Alix Earle and friends allegedly scammed into booking fake villa for girls' trip to Italy: 'Someone is about to get fired'
Alix Earle, a beauty and lifestyle influencer with 5.3 million followers on TikTok, recently shared a harrowing tale about how she and her group of friends got stranded in Italy. In Earle’s own words, “The girls’ trip took a turn” — and it was certainly an unexpected one.
According to Earle, they showed up for the vacation they had planned together and discovered the “scenic villa” they had allegedly booked didn’t exist, and their car service canceled. They walked out of the airport without their luggage, and security wouldn’t let them back in, stranding her group of 11 at midnight in a completely foreign city.
“We literally don’t know where to go,” Earle told the camera. “Eleven girls stranded in Positano.”
She also posted a full video breakdown of the entire saga with more details and explained they eventually found a tiny hotel room to share.
If you have to end up stranded with 10 girls, Positano might be exactly where you’d like that to happen. According to the city’s tourism guide, the cliffside village is “the most famous and iconic village on the Amalfi Coast” and features romantic winding streets filled with charming boutiques and bakeries, breathtaking views and beaches and beloved historical sights.
The commenters on Earle’s video seemed to feel similarly.

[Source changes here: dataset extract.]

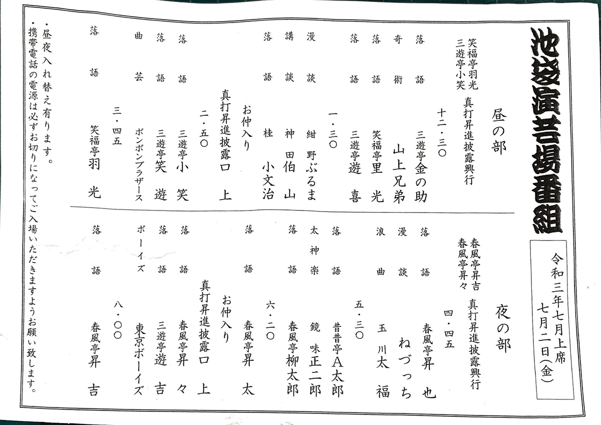 7月2日、池袋演芸場、昼の部。

While they were sympathetic — because everyone knows how stressful traveling can be, especially when things go wrong — it certainly makes things better if you are a widely popular influencer stranded in one of the most beautiful places on Earth.
“Good thing you’re alix earle,” one commenter wrote.
“This is where your influencer money comes in to save the day,” remarked another.
Influencer or not, Earle’s TikTok is also a good reminder to triple-check any vacation housing you’re staying in. She said their booked house was “literally a scam,” and if a mega-influencer can fall victim to a housing scam, it’s probably safe to say anyone can.
Earle confirmed in the comments that they had used Booking.com to book their housing, but she didn’t specify how it resolved the situation.
“The fact that they messed up with the IT girl of the moment,” remarked one commenter. “Someone is about to get fired lol.”
A spokesperson for Booking.com told In The Know that Earle's experience was a "very rare instance of an issue such as this." The representative also alleged that Earle may have used a fake website.
"Upon investigation, we can now confirm that this fake villa listing was not booked via Booking.com, but instead found on a fake copycat website," the Booking.com rep said. "We have subsequently been successful in requesting the website to be taken down. To ensure travel is legitimately and securely being booked through our platform, we recommend using the official Booking.com app."
In The Know reached out to Earle about the allegations she used a copycat website and did not hear back.
Many commenters chimed in with similar experiences of housing scams while traveling. Others shared their tips for avoiding falling prey to scams.
For instance, some suggested looking at reviews online outside of the booking site, using Google Earth to confirm the house exists, sticking with a reputable site and, if you’re traveling internationally, using a travel agent who can verify everything for you.
Another solution? Be an influencer who can attract the attention of Airbnb itself because the very top comment on the TikTok was from the booking site, assuring Earle their people would be calling her.
But when all is said and done, part of the excitement of traveling is the unexpected twists and turns that make the best memories.
As one commenter put it, Earle’s saga was “great for the plot tho tbh,” to which the influencer agreed, replying: “That’s what I said.”
Then, on May 24, Earle posted an update and thanked Airbnb in her caption for “saving the day.”
“THIS IS NOT REAL LIFE,” she wrote alongside the footage of the group’s new lodging.